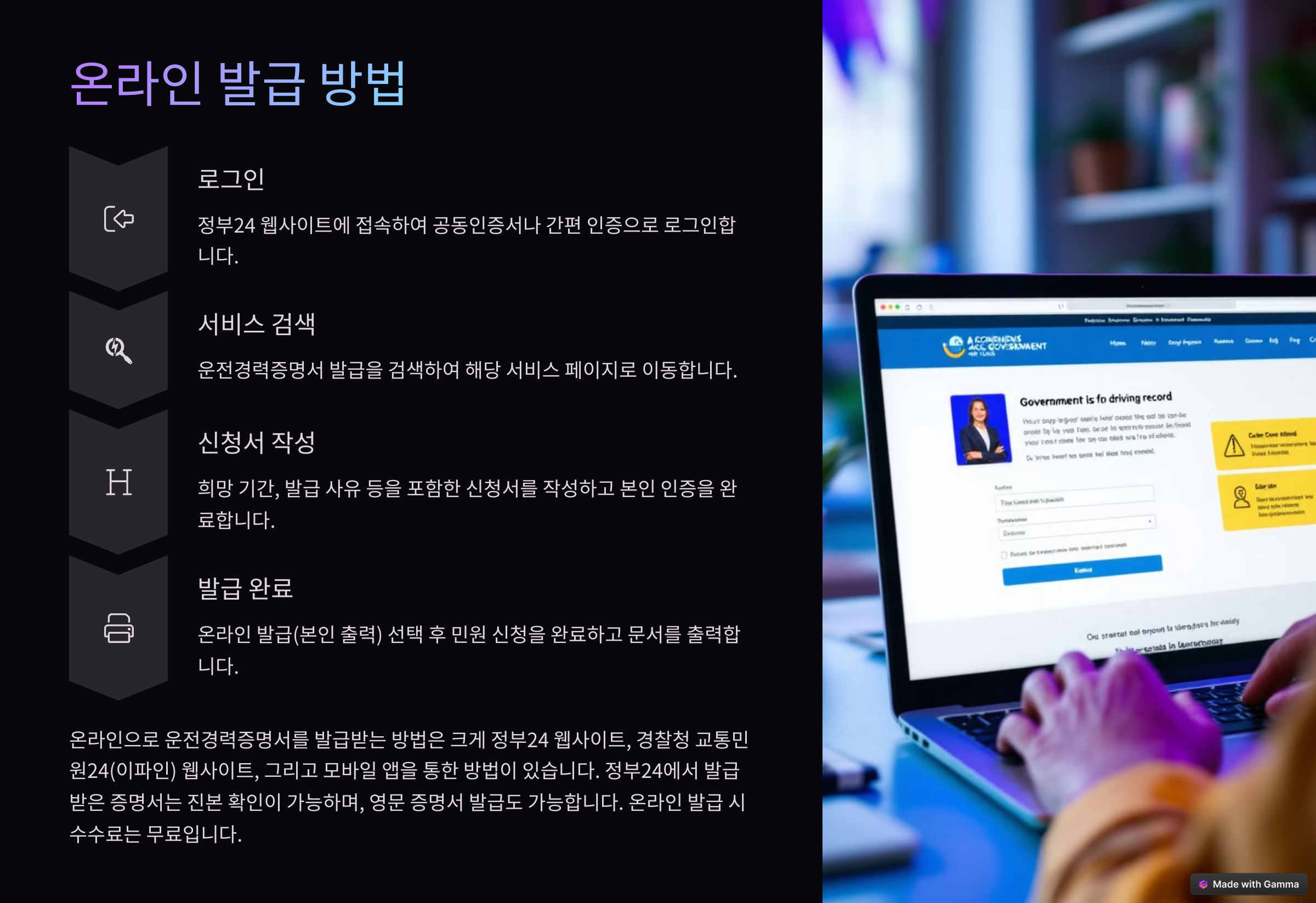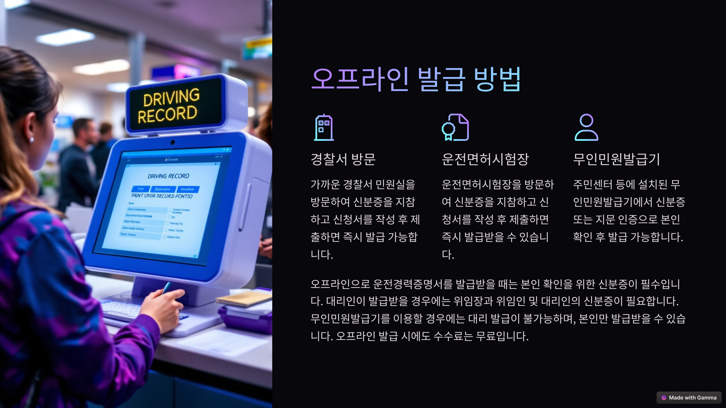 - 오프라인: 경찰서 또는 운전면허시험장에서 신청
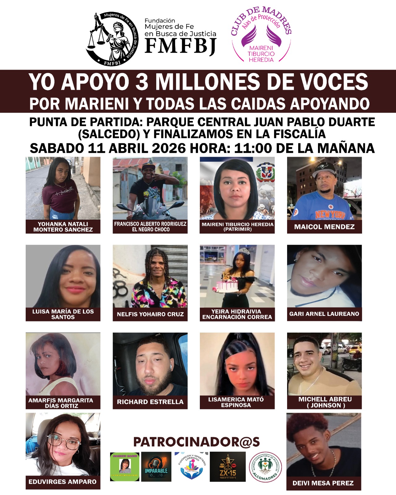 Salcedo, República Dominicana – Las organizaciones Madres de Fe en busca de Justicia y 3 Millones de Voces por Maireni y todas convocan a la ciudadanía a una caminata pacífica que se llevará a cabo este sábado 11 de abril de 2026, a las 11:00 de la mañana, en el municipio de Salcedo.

--------------------

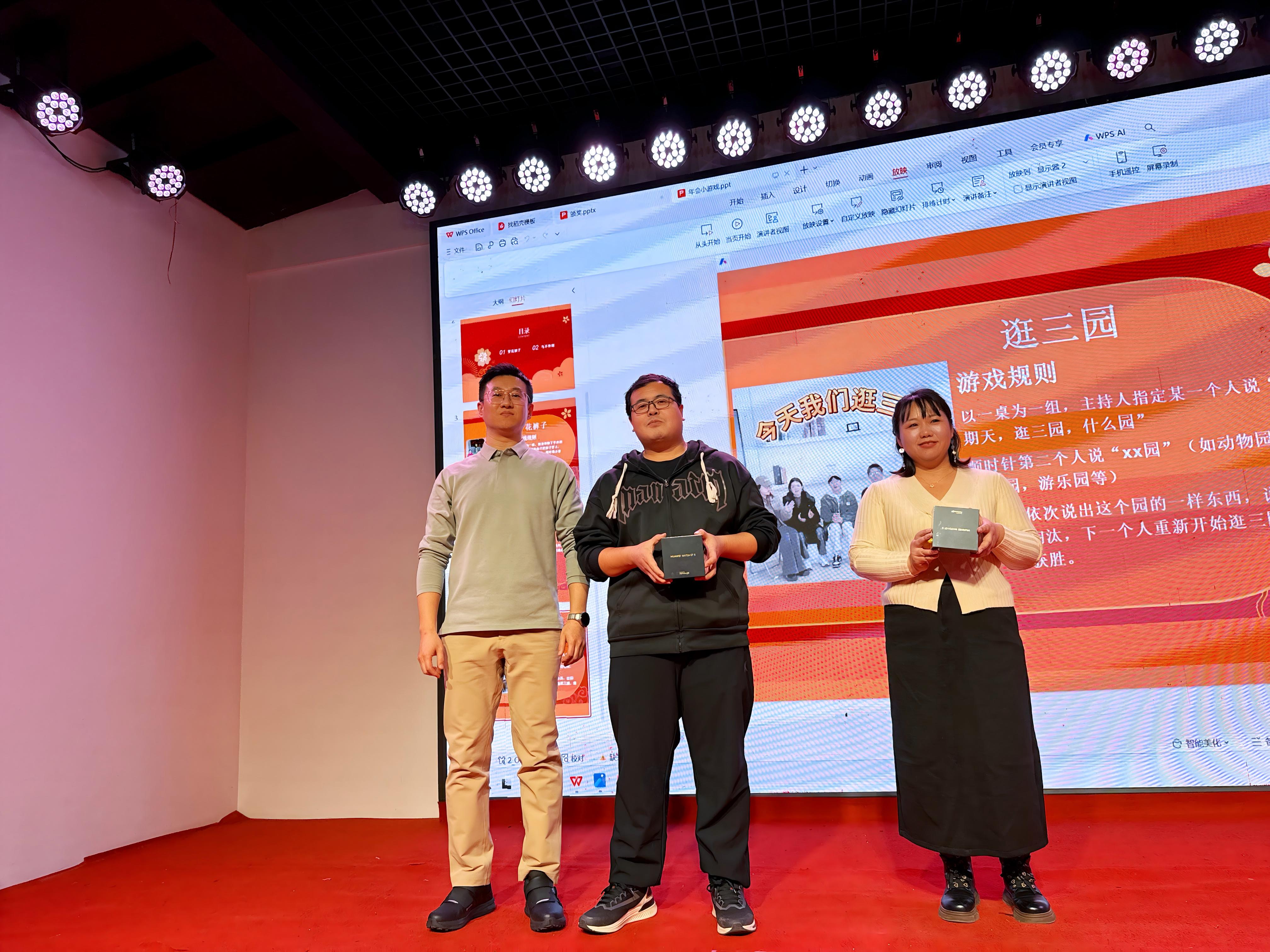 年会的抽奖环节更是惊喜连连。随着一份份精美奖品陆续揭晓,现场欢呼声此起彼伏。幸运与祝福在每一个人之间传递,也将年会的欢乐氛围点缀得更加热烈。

--------------------

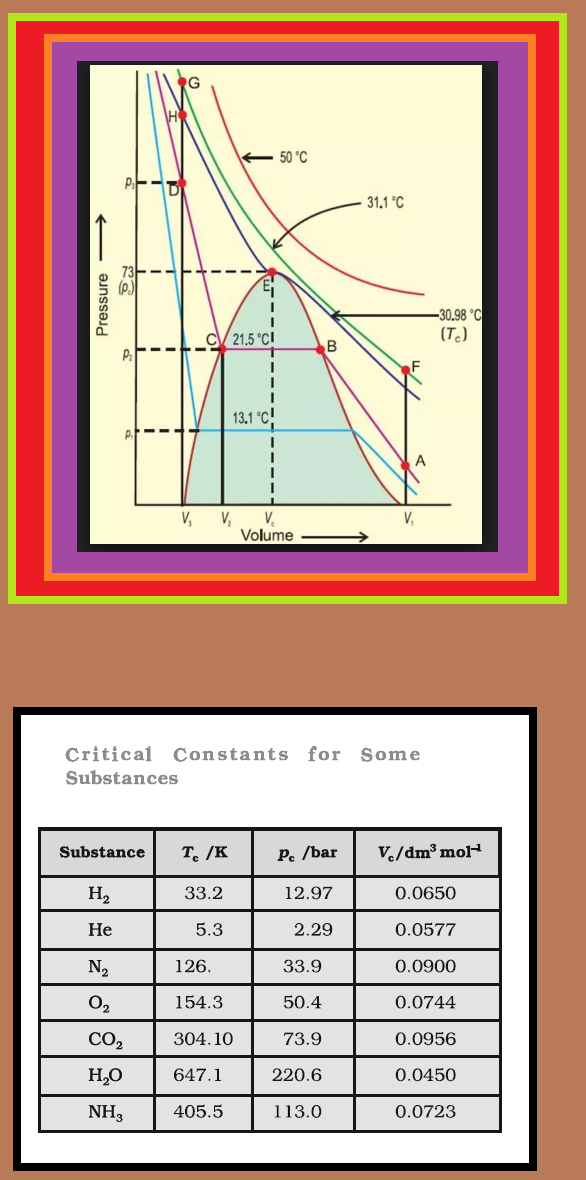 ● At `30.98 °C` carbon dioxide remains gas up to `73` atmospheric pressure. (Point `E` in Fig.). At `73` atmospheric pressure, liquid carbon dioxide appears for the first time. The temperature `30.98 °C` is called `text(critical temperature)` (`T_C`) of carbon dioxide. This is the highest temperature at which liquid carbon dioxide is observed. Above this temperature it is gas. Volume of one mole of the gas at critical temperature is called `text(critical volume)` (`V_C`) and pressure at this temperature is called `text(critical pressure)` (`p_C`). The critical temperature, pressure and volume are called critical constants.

--------------------

● **The problem**:
Please set down, exactly and with no pictures, the lines in the entries above starting at the one holding "- 오프라인: 경찰서 또는 운전면허시험장에서 신청" and ending at the one holding "Salcedo, República Dominicana", ends included.

● **Your response**:
 - 오프라인: 경찰서 또는 운전면허시험장에서 신청
 Salcedo, República Dominicana – Las organizaciones Madres de Fe en busca de Justicia y 3 Millones de Voces por Maireni y todas convocan a la ciudadanía a una caminata pacífica que se llevará a cabo este sábado 11 de abril de 2026, a las 11:00 de la mañana, en el municipio de Salcedo.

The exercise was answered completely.